# Akoya Academy Webinar: PhenoImager Analysis
This notebook contains the necessary libraries and steps to import the single cell data from QuPath into Python. The files exported from QuPath are stored under `data/` folder.
## Step-2: Evaluating singal quality
Step-2 covers the quality evaluation using the top-20 bottom 10% ratio. For each marker in each channel, we compute the avg. of top 20 highest expressing cells for that marker, and the avg. expression in the bottom 10% of the cells for that marker and use the ratio of top20/btm10 as a proxy for signal-to-noise (SNR) ratio. A value greater than 10 can result in reliable anlaysis. More information can be found in this paper: [Multiplex Immunofluorescence and Multispectral Imaging: Forming the Basis of a Clinical Test Platform for Immuno-Oncology
](https://www.frontiersin.org/articles/10.3389/fmolb.2021.674747/full)

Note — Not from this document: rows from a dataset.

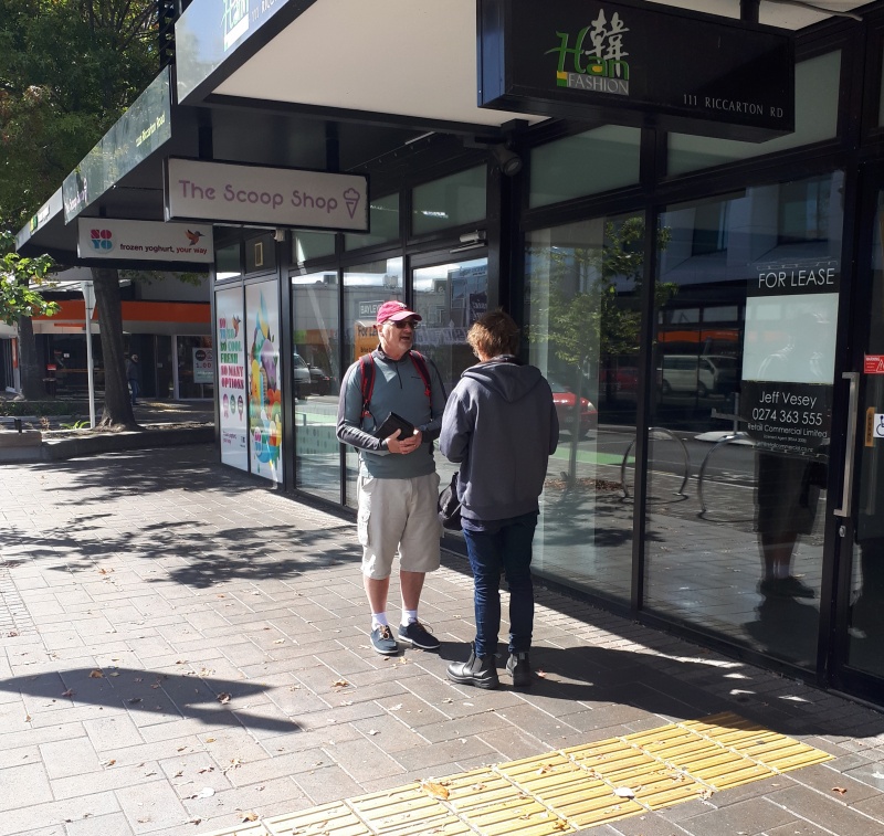 The bus stops weren’t busy - four evangelists was a bit much saturation!  So a couple of us stayed at the bus stops, while the other two went searching down Papanui Road.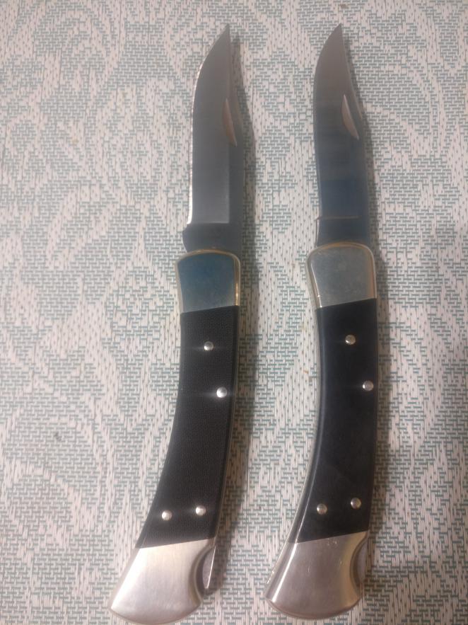 Два ножа, какая нах самоделка? Первый новый, и ценник у него конский, второй б.у. с нормальным ценником, не нравится, купите реплику на алиэкспресс, или с 420 сталью за эти деньги.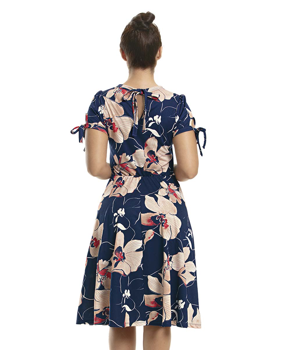 Leve, soltinho e confortável, mas sem perder o bom gosto. Esse lindo modelo com saia godê com franzido e comprimento clássico traz o que há de melhor tanto na combinação de cores, quanto no caimento. As amarrações nas mangas dão o toque final!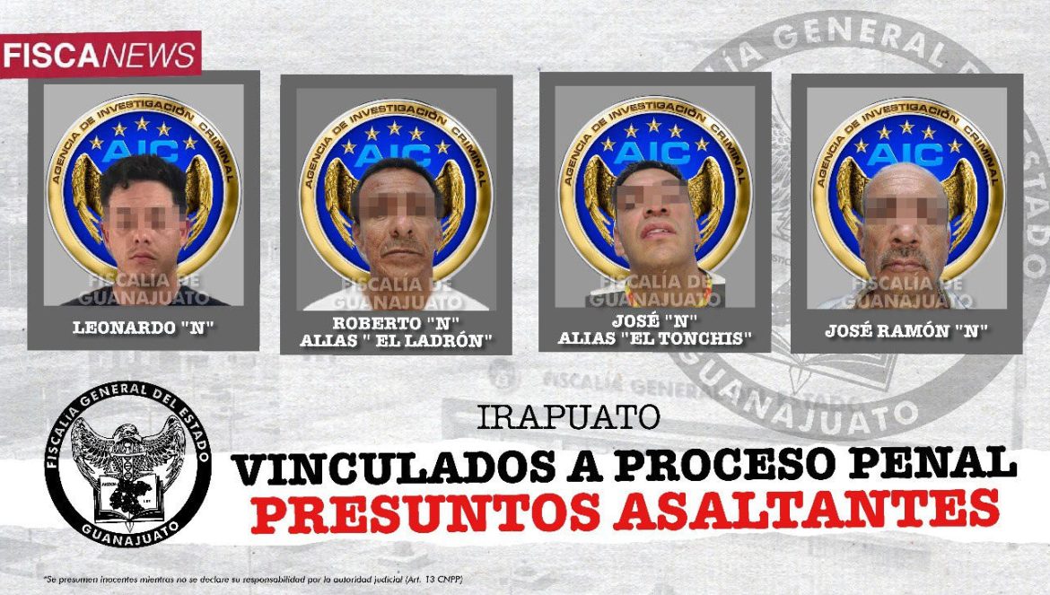 Irapuato, Gto.- 24 de agosto de 2023.- La Fiscalía de Guanajuato obtuvo que cuatro presuntos atracadores sean vinculados a proceso penal por el delito de robo calificado, uno de ellos es acusado de desapoderar a un hombre de su vehículo y los otros tres inculpados, presuntamente despojaron a un cuentahabiente de la nómina de una empresa, que recién había retirado del banco, ambos delitos se cometieron en la ciudad de Irapuato.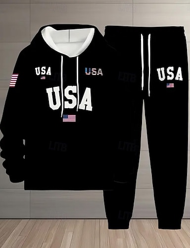 Amerikan itsenäisyyspäivä Miesten Amerikan lippu 2kpl 3D-hupparisarjat Verryttelypuku Huppari Pitkähihainen Pitkät housut Hupullinen Urheilullinen Rento arki Urheilu- ja treenivaatteet 3D-tulostus

### Import necessary libararies

In [2]:
import pandas as pd
import seaborn as sns
import matplotlib.pyplot as plt

import anndata as ad
import pandas as pd
import scanpy as sc
import numpy as np

import seaborn as sns; sns.set(color_codes=True)

#ignore warnings
import warnings
warnings.filterwarnings('ignore')


In [7]:
#Function to compute SNR for each protein in each sample
def computeTop20Btm10(ad):
    '''
    Compute the ratio of top 20th percentile to bottom 10th percentile for each protein in each sample
    Input: anndata object
    Output: a dataframe with sampleID, Protein, ratio of top20/btm10
    '''
    top20btm10DF = pd.DataFrame(columns=['ImageID','Protein','top20btm10'])
    # for each sample
    for sID in ad.obs.ImageID.sort_values().unique():
        subAD = ad[ad.obs.ImageID == sID]
        for x in subAD.var_names:
            aX = subAD[:,x].X.flatten()
            # compute 20 largest values in aX
            top20 = np.sort(aX)[-20:]
            # compute the mean of bottom 10th percentile of aX
            btm10 = np.sort(aX)[:int(len(aX)*0.1)]
            #print(aX.shape, top20.shape, btm10.shape)
            top20btm10 = np.mean(top20)/np.mean(btm10)
            top20btm10DF = top20btm10DF.append({'ImageID':sID,'Protein':x,'top20btm10':top20btm10}, ignore_index=True)
    return top20btm10DF
        

In [8]:
pd.set_option('display.float_format', lambda x: '%.4f' % x)
computeTop20Btm10(ad.read_h5ad('data/adata.h5ad'))

Unnamed: 0,ImageID,Protein,top20btm10
0,NSCLC_S1,CD8,inf
1,NSCLC_S1,CD4,inf
2,NSCLC_S1,CD3E,3306.3506
3,NSCLC_S1,CD20,771.2482
4,NSCLC_S1,PanCK,436.5684
5,NSCLC_S1,CD68,959.6335
6,NSCLC_S2,CD8,inf
7,NSCLC_S2,CD4,73434.0859
8,NSCLC_S2,CD3E,1826.7528
9,NSCLC_S2,CD20,64.1688


As the table above shows, all markers have a high top20-bottom10 ratio. A value of infinity means that the marker has 0 background. While this step is optional, it is important to evaluate data quality before phentyping.